If there is one opinion that I have that is argued about many times is my two cents in the use of the largest payroll providers being in the Third Party Administration (TPA) business. Usually, the people who criticize my opinion tend to work for those payroll providers.

My opinion is my opinion, it’s based on 18 years experience as an ERISA attorney, I doubt you can say my opinion is biased since I haven’t worked for a TPA since 2007.
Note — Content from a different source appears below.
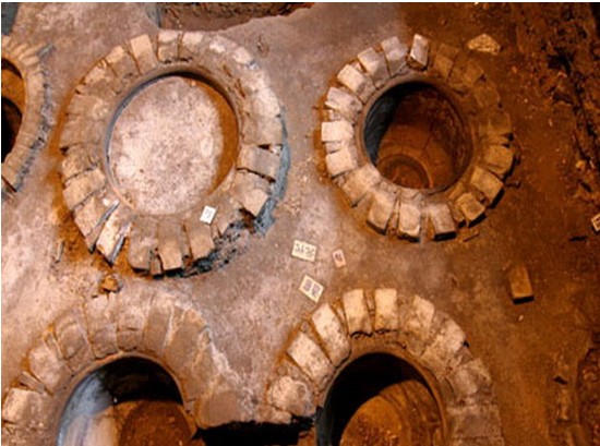 遺址位于李渡鎮紅石橋李渡酒廠老廠區內,元代至近現代燒酒作坊遺址。遺址考古勘探面積1600平方米,2002年考古發掘面積300平方米。揭露的文化堆積主要為元、明、清遺跡與遺物。其文化堆積的11個層面分為南宋、元、明、清、近代、現代6個時期,未見南宋遺跡,其余5個時期的釀酒遺跡有水井、爐灶、晾堂、酒窖、蒸餾設施、墻基、水溝、路面、灰坑、磚柱等。水井位于遺跡中心部位,始建于元代,后經增高,深4.25米,六邊形紅麻石井圈,口徑0.66-0.72米,井臺三合土筑。爐灶始建于明代,紅石與青磚砌,長徑2.80米,短徑1.42米,殘高1.98米,煙道位于頭端兩側;灶前操作坑呈“凹”字形,長2.70米,寬1.60米,深1?84米。晾堂2處,明代晾堂50平方米,清代晾堂40平方米,卵石與三合土筑,表面不平,邊界用紅石砌。酒窖22個,其中元代酒窖13個,直徑約0.65-0.95米,深約0.56-0.72米;明代酒窖9個,有6個至今仍在使用,直徑0.9-1.1米,深約1.52米。
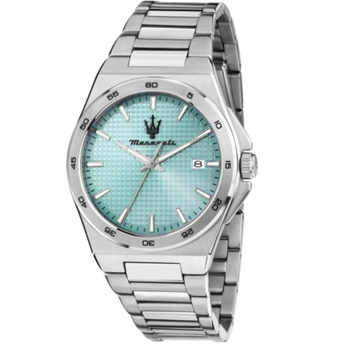 Maserati sa integrisanom narukvicom u srebrnoj boji, prikazom datuma, inače iz Slim porodice, baš tanak.

I believe that the TPA business is a very tough job, it just shouldn’t be someone’s ancillary business if you just see it as just an offshoot of your primary business. My problem with payroll provider TPAs is that they require too much of the plan sponsor to do the heavy lifting, aren’t very creative in plan design, and they take an assembly line approach to retirement plans. Henry Ford once said you could pick the color of a Model T as long as it was black. Offering retirement plans on some sort of plain vanilla prototype with no discussion of other designs and combo plans with cash balance or defined benefit is malpractice if it costs the plan sponsor money by not maximizing the use of employer contributions.

The McDonalds approach to fast food is fine, but retirement plans administration isn’t something that you could quickly push out. Payroll Provider TPAs aren’t a black or white issue; I’m sure a three employee company using safe harbor 401(k) might be a good fit. For most plan sponsors, it’s not. I’ve seen less problems with standalone TPAs than those two big payroll providers in terms of issues and plan errors. Standalone TPAs have less of a churn rate than payroll provider TPAs, they have larger plans, more plans under administration, and are more efficient in plan design. In addition, What payroll provider TPAs forget to tell you is that if you fire them as a TPA, they’ll fire you as a payroll customer and that payroll integration they talk about is something they offer to other plan providers like Empower. If payroll integration is such a big deal, why do they offer it to competing TPAs?

Again, it’s my opinion based on 18 years of experience. Believe me, I’d make more money as an ERISA attorney by keeping my mouth shut about this because when you speak out against these big payroll providers, they don’t refer you much business.